---------- Data shown
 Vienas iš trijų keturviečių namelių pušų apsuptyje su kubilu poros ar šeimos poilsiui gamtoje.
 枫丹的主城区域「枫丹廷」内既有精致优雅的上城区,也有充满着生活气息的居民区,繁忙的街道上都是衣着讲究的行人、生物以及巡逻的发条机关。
--------------------
---------- Data shown
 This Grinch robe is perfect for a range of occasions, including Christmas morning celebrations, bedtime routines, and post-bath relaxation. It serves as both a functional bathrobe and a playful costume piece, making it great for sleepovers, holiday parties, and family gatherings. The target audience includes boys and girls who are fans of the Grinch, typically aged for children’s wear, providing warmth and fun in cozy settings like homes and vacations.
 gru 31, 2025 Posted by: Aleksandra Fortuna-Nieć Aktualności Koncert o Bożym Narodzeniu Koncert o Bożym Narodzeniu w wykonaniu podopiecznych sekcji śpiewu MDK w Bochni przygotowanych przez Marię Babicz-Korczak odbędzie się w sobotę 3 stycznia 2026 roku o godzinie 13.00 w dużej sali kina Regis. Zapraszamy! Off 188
--------------------
_Instructions to follow_
The output should be exactly the lines above from the line containing "This Grinch robe" to the line containing "gru 31, 2025", inclusive, with no other lines.

_Response to the task_
 This Grinch robe is perfect for a range of occasions, including Christmas morning celebrations, bedtime routines, and post-bath relaxation. It serves as both a functional bathrobe and a playful costume piece, making it great for sleepovers, holiday parties, and family gatherings. The target audience includes boys and girls who are fans of the Grinch, typically aged for children’s wear, providing warmth and fun in cozy settings like homes and vacations.
 gru 31, 2025 Posted by: Aleksandra Fortuna-Nieć Aktualności Koncert o Bożym Narodzeniu Koncert o Bożym Narodzeniu w wykonaniu podopiecznych sekcji śpiewu MDK w Bochni przygotowanych przez Marię Babicz-Korczak odbędzie się w sobotę 3 stycznia 2026 roku o godzinie 13.00 w dużej sali kina Regis. Zapraszamy! Off 188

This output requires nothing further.